PROBLEM TO WORK ON: These records contain pictures, which must be left out; copy exactly the lines from the one with "黄仁勋表示,ChatGPT、" up to and including the one with "God Guns Trump".

PROVIDED INFORMATION:
-*-

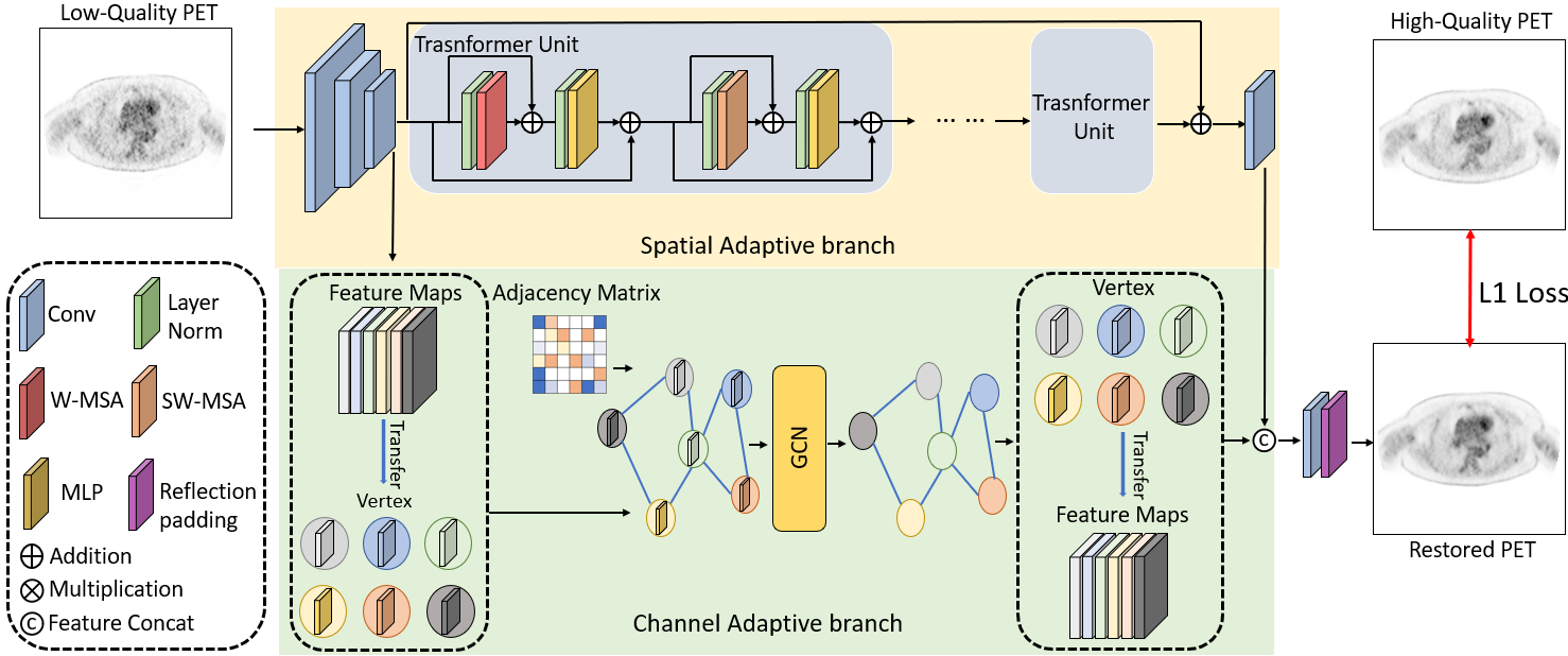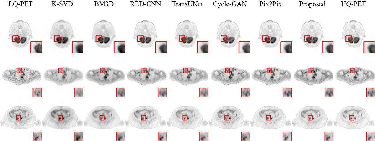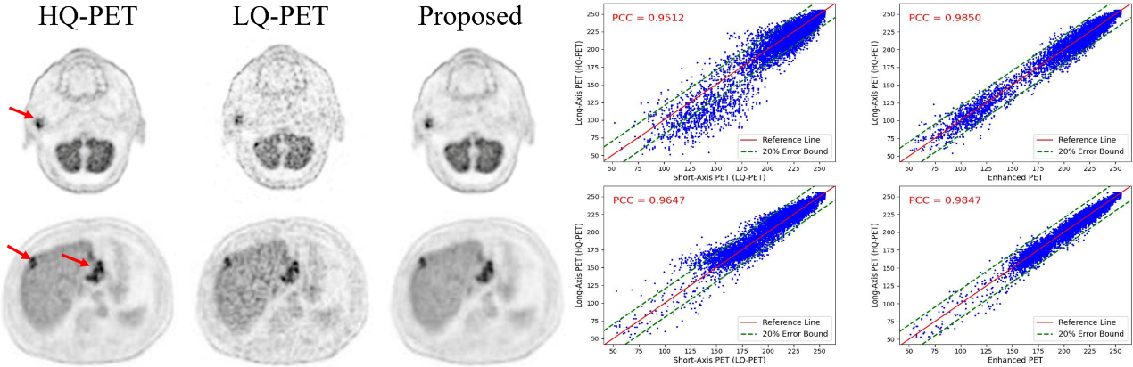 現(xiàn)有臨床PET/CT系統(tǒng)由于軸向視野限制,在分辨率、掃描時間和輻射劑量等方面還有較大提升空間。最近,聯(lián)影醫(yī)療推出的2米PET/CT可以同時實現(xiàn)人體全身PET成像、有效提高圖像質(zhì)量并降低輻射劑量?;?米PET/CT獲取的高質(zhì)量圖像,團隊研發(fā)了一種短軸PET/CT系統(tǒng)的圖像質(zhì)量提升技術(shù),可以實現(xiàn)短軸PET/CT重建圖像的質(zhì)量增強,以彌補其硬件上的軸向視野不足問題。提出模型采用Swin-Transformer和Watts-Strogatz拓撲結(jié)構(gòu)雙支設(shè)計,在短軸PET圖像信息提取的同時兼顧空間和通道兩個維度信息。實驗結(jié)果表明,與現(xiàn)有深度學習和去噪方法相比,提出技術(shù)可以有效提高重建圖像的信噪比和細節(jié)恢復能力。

-*-

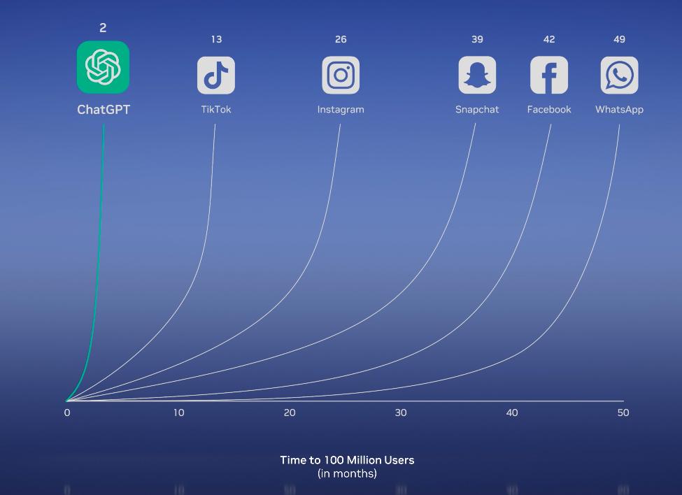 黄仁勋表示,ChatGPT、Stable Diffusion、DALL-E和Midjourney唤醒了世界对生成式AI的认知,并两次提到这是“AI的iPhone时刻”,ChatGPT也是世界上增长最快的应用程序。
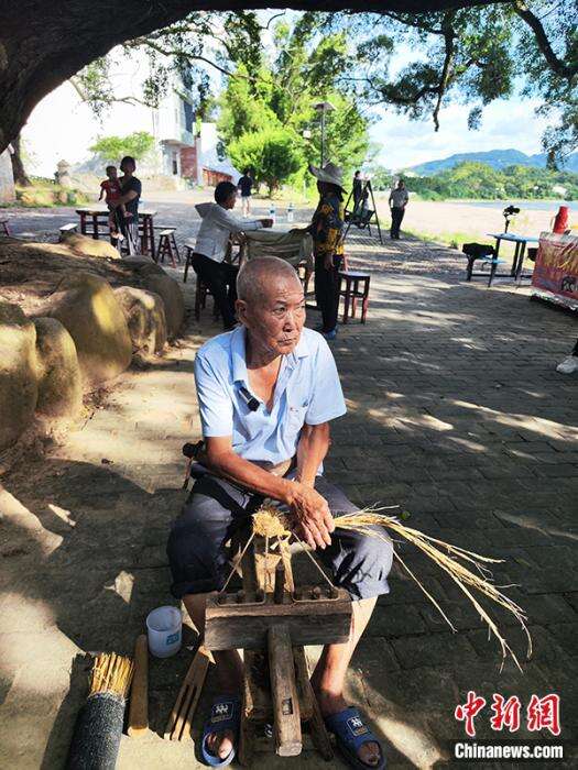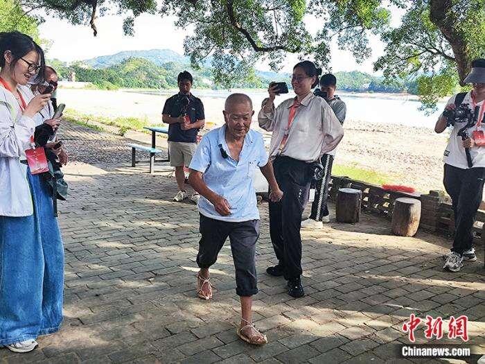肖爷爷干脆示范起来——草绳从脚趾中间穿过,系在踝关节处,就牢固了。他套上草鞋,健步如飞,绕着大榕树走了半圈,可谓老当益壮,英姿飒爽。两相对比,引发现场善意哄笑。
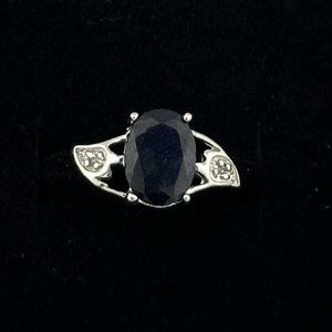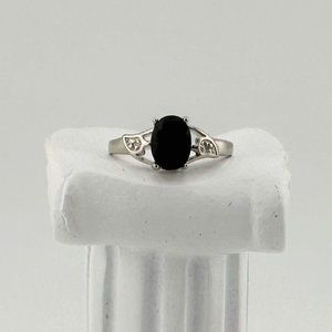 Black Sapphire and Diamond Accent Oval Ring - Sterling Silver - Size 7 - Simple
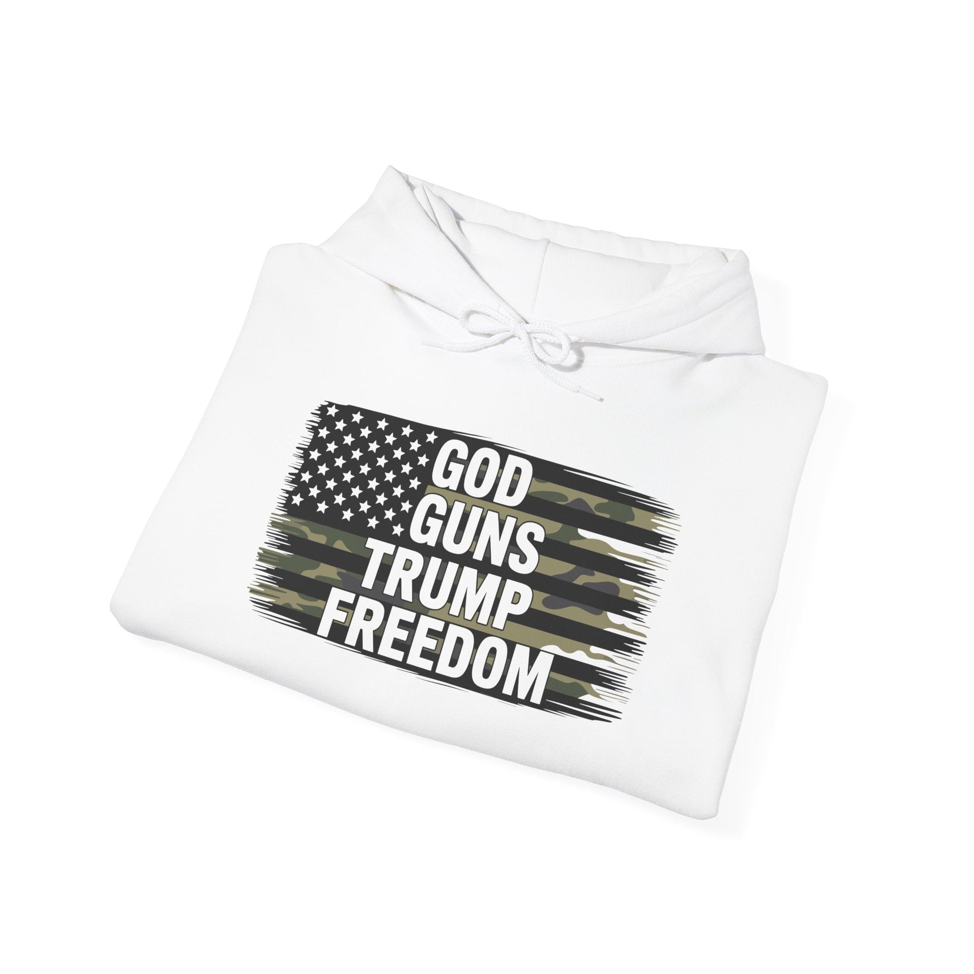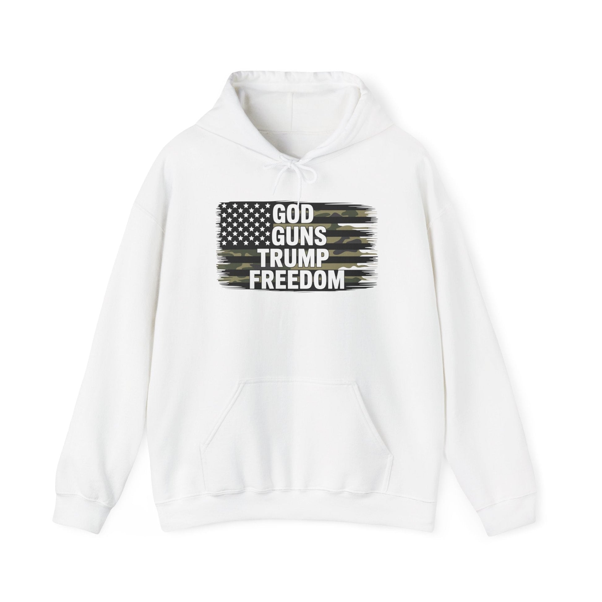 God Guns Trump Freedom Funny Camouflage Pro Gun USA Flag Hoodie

-*-

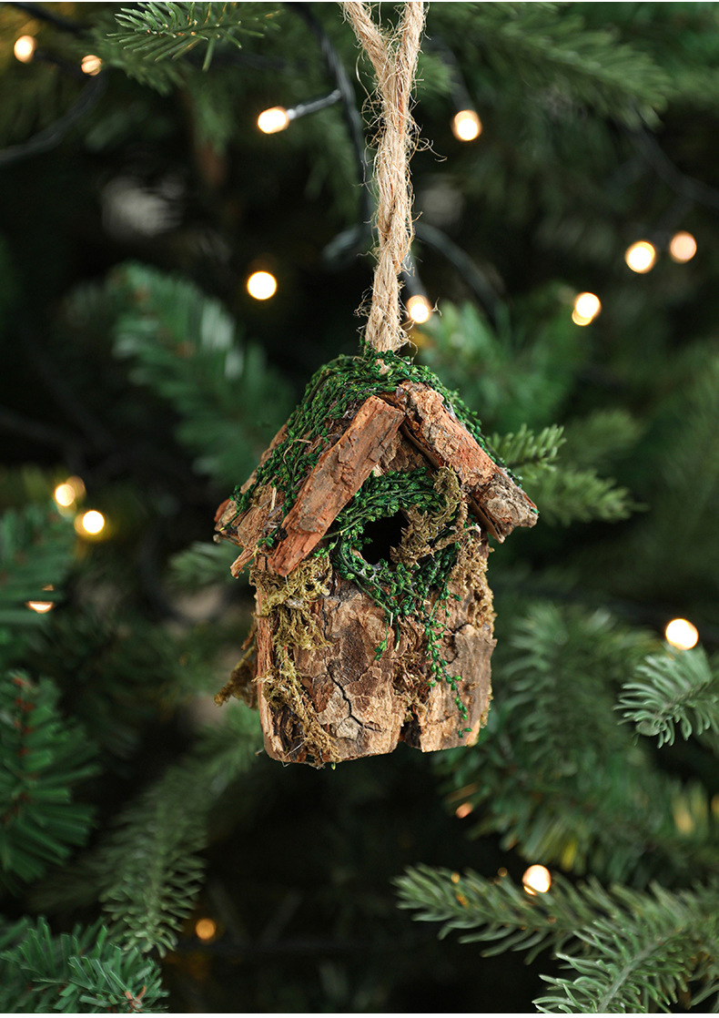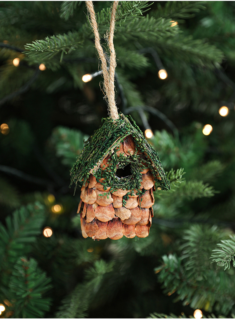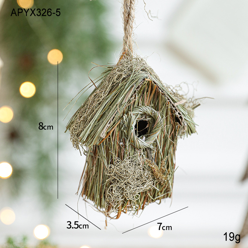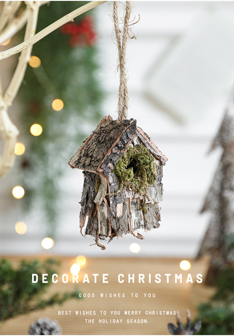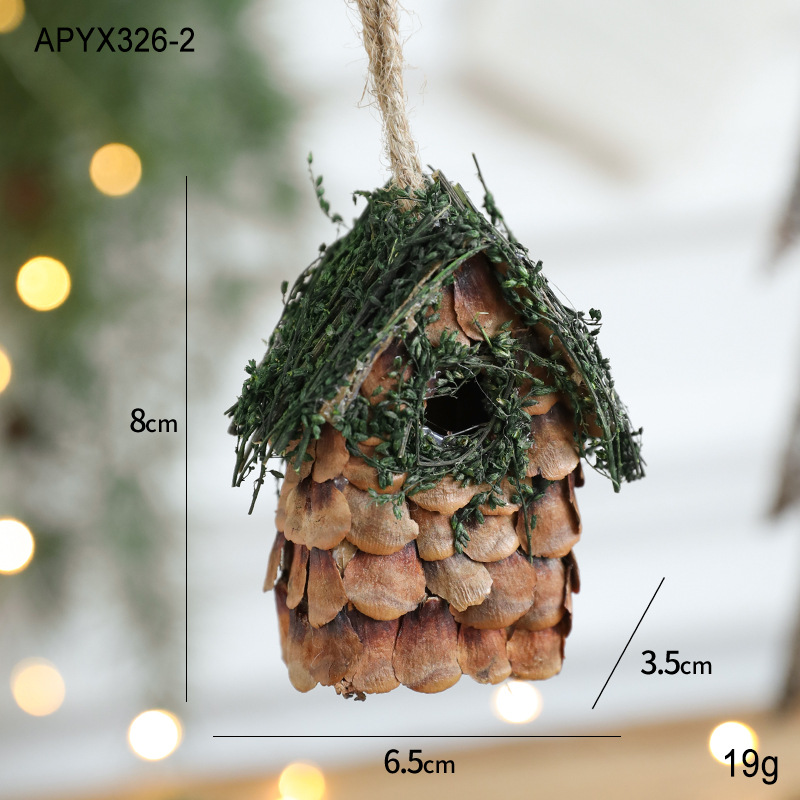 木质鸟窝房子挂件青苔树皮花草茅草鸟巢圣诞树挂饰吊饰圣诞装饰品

-*-

WRITTEN ANSWER:
 黄仁勋表示,ChatGPT、Stable Diffusion、DALL-E和Midjourney唤醒了世界对生成式AI的认知,并两次提到这是“AI的iPhone时刻”,ChatGPT也是世界上增长最快的应用程序。
肖爷爷干脆示范起来——草绳从脚趾中间穿过,系在踝关节处,就牢固了。他套上草鞋,健步如飞,绕着大榕树走了半圈,可谓老当益壮,英姿飒爽。两相对比,引发现场善意哄笑。
 Black Sapphire and Diamond Accent Oval Ring - Sterling Silver - Size 7 - Simple
 God Guns Trump Freedom Funny Camouflage Pro Gun USA Flag Hoodie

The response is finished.